Last night at the gym I was running on the treadmill and watching TV. Usually I watch a sitcom, because I’m a sucker for a laugh track and humorous domestic drama. They flow pretty quickly and cut to commercial breaks frequently, which is key, because if I get bored I agonize over the slowly creeping clock. Last night, the only show that was on was “King of Queens,” which is one of the worst shows, so naturally I had already seen the episode. Changing the channel, I settled on the “Dr.
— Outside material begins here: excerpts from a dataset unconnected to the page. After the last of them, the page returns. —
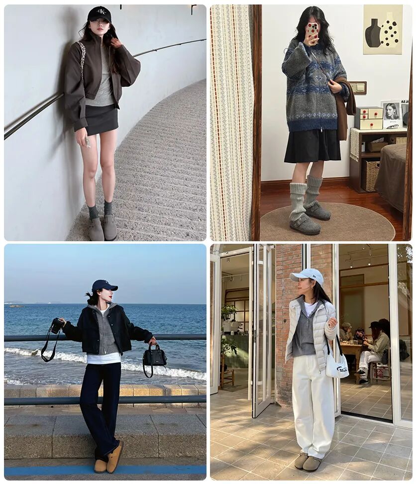 虽然是经典的圆头鞋头,但一点都没有普通雪地靴那种很厚和笨重的感觉。
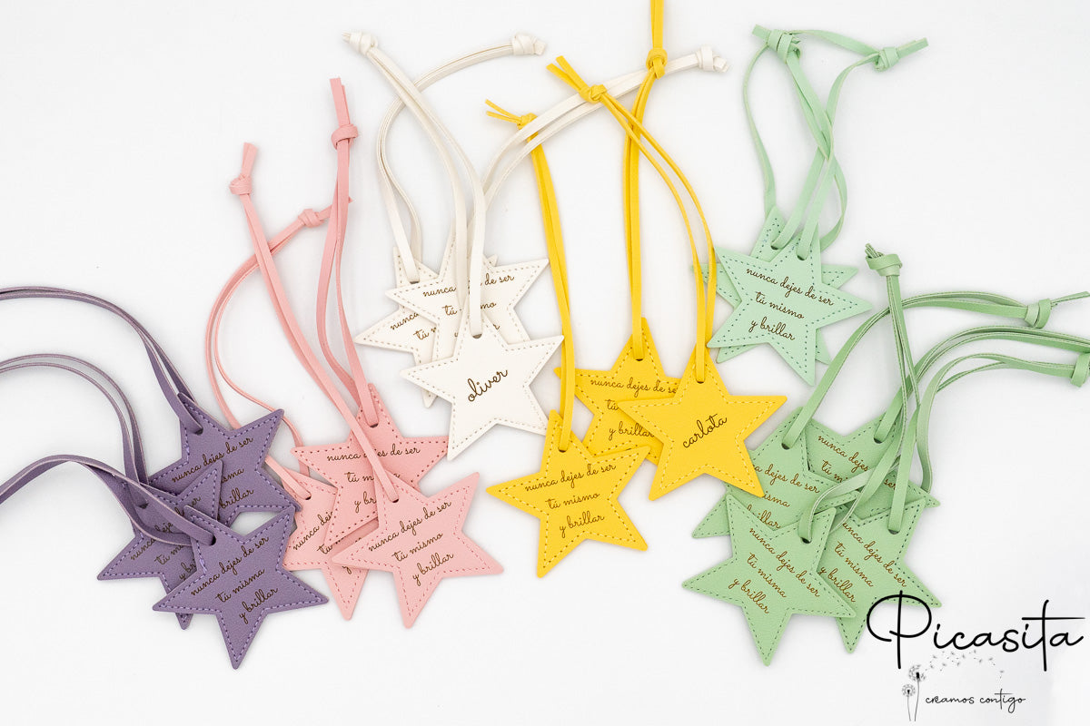 Respuesta: Sí, cada estrella incluye su propio cordón a juego para poder colgarla fácilmente en una mochila, un llavero o donde prefieran. Vienen listas para entregar a los invitados.
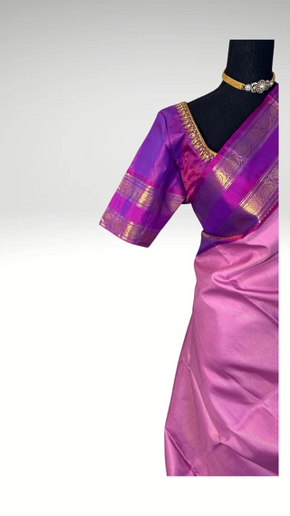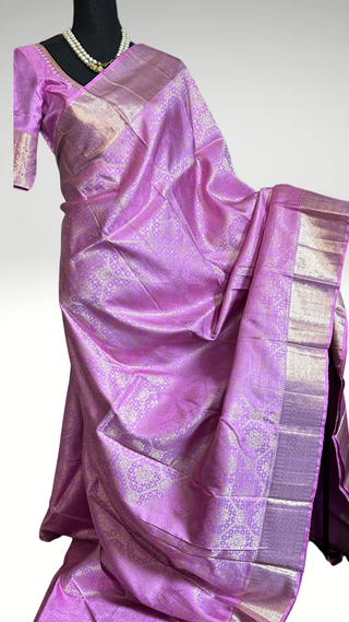 Brocade kanjivaram pastel lavender gold zari with stitched blouse traditional kanchi pattusaree saree Indian wedding
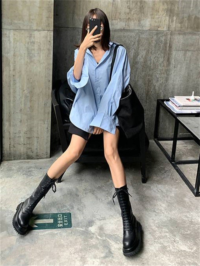 马丁靴搭配衬衫裙,短裙,短裤都是很好看的,夏天穿马丁靴,也可以作为带来清凉感的时尚单品,还能展现出大长腿,马丁靴在一定程度也能起到拉长腿部比例的作用。
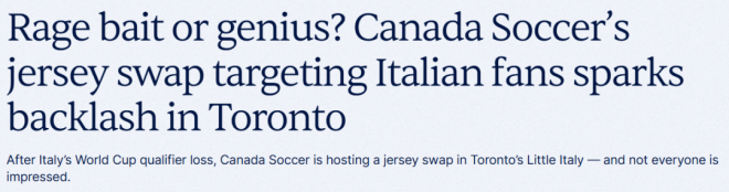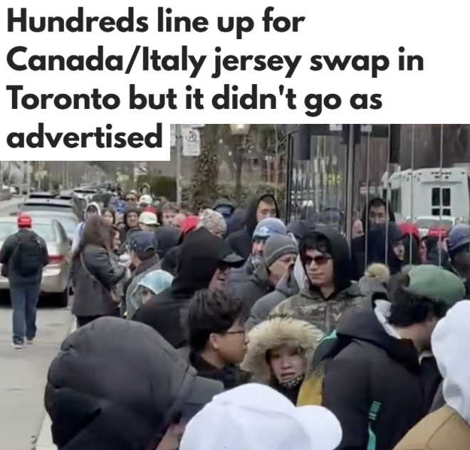 近日,加拿大男足国家队想“拉拢”意大利球迷,推出了一个球衣交换活动,于周六(4月4日)在多伦多举行,不过不少意大利球迷对此并不买账。本周,在即将到来的世界杯预选赛中,意大利国家足球队输给了波黑国家足球队,遗憾出局。趁这个时机,加拿大足协(Canada Soccer)向多伦多的意大利球迷发出邀请,希望他们转而支持加拿大队。

Oz Show,” which is like Oprah but deals exclusively with health issues, predominantly obesity, targeting the women watching every day at 5. Normally, I can’t stand these shows, because they focus on cheap tricks that lead to dangerous fad-dieting, but last night the theme of the show was literally, “The Lazy Girl’s Guide to Getting Healthy.” It was so dumb, I had to watch.
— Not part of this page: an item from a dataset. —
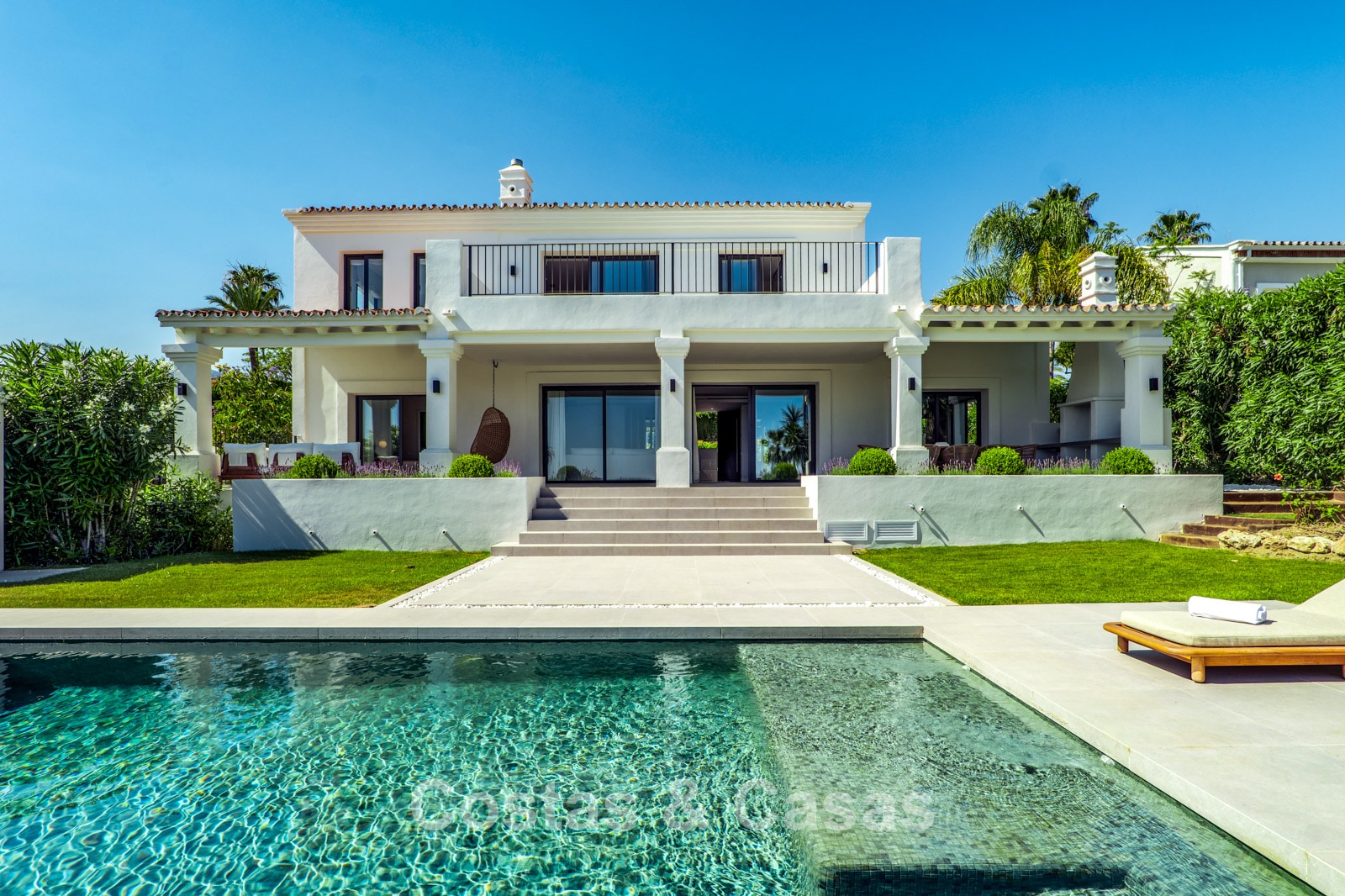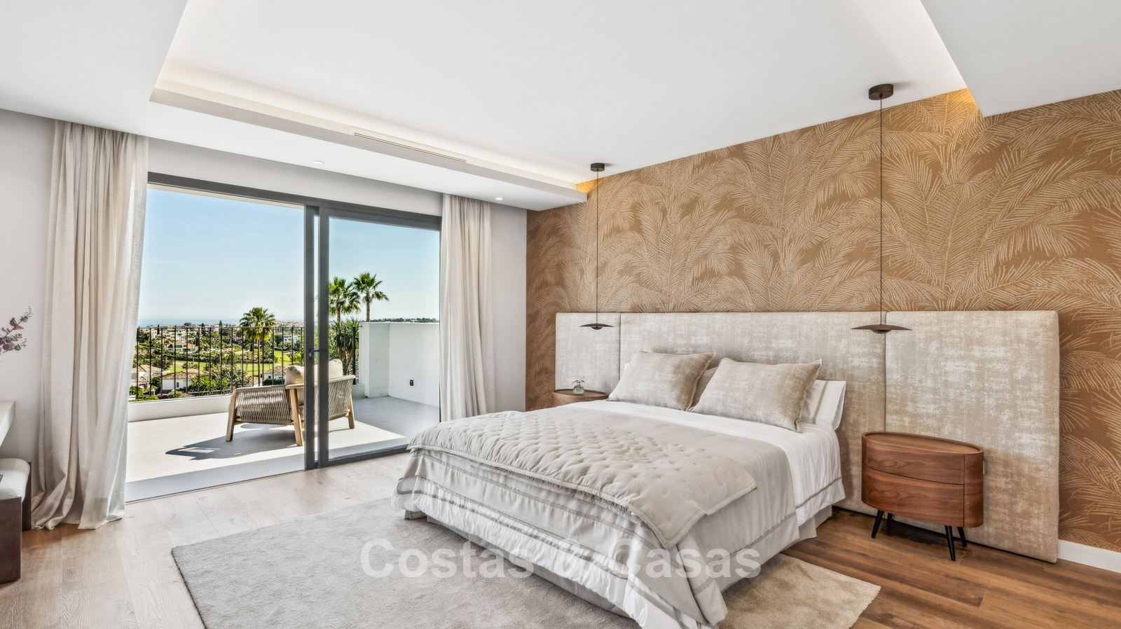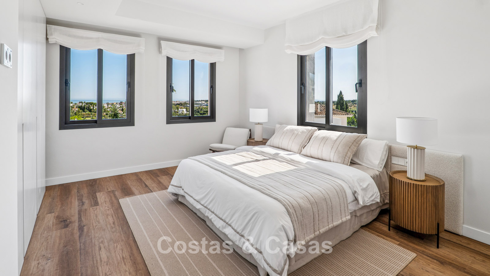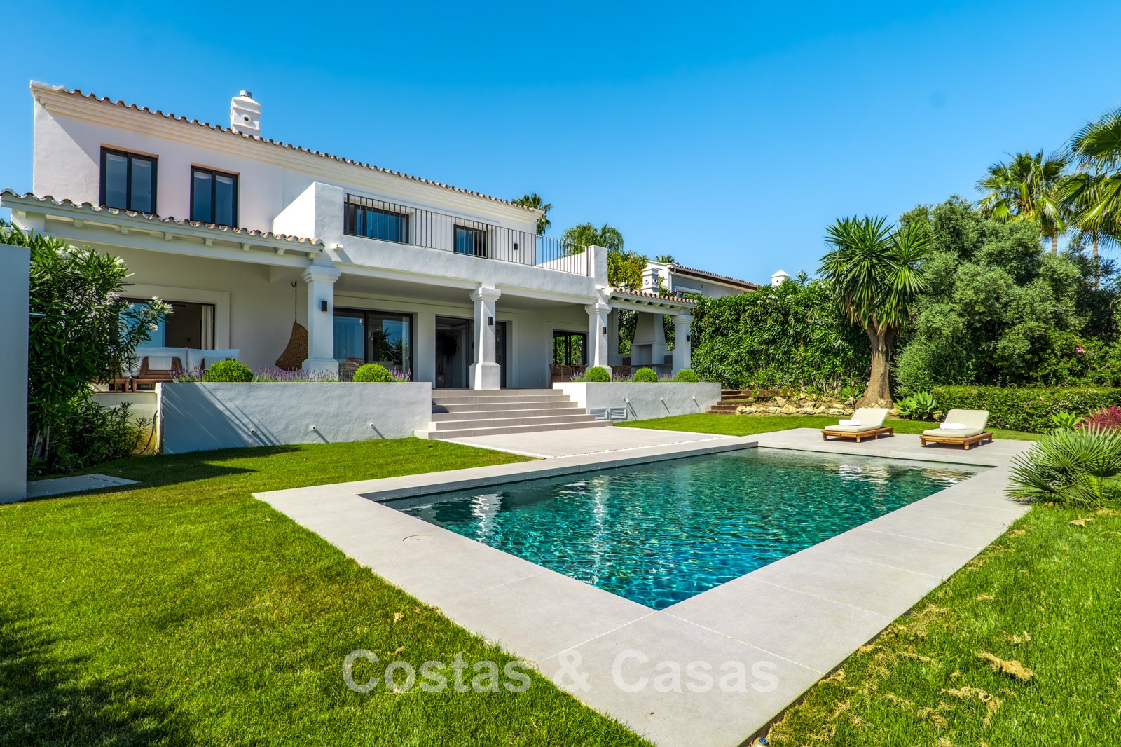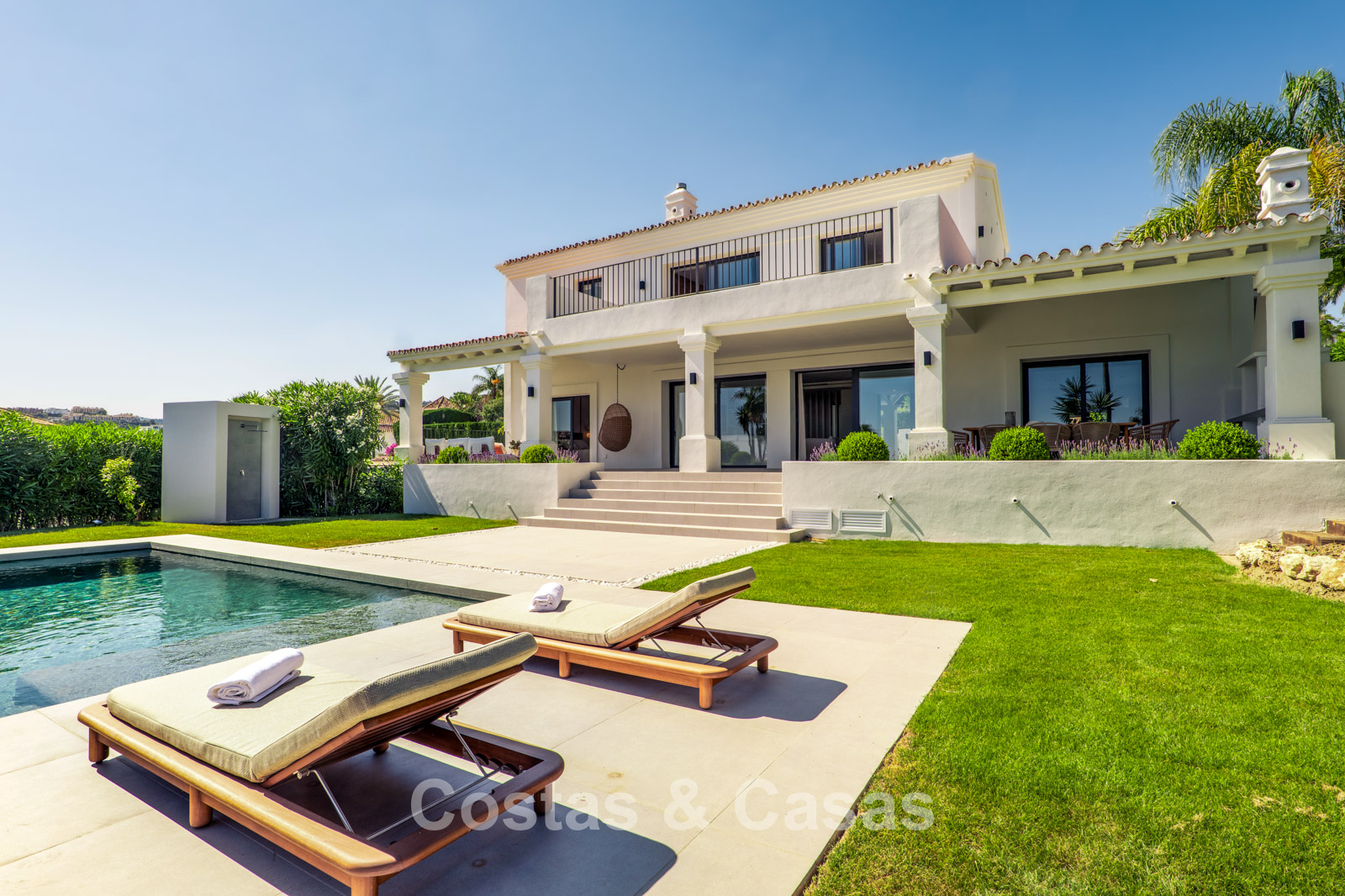 Villa individuelle de style méditerranéen élégant, alliant charme classique et confort moderne. Vue sur le jardin, la vallée du golf et la mer Méditerranée. Les espaces de vie lumineux et ouverts aux tons neutres rayonnent de tranquillité et d’élégance. Cuisine ouverte moderne et sur mesure au design raffiné, avec îlot central et bar. Salle à manger intégrée. 5 chambres, 5 salles de bain et une toilette séparée. Deuxième salon TV. Sols carrelés. Garage intégré. Deux places de parking supplémentaires sur le terrain.

The show featured some woman who has made millions taking “your favorite recipes” and replacing the carbs with vegetables she calls “carb expanders,” so you can eat three times as much food for the same amount of calories as one serving normally is. By replacing fettuccine with zucchini, you can eat a whole pound of food! ….great? She kept saying things like, “and you can’t even tell the difference!” I’m sorry, but you can absolutely tell the difference between pasta and shredded zucchini.
It seems the weight-loss industry has capitalized on avoiding the real problems: the laziness that is as big a part of our culture as work-ethic was to our founding fathers. People would rather eat three pounds of zucchini covered in alfredo sauce than a normal-sized portion of pasta and...oh, maybe a side salad.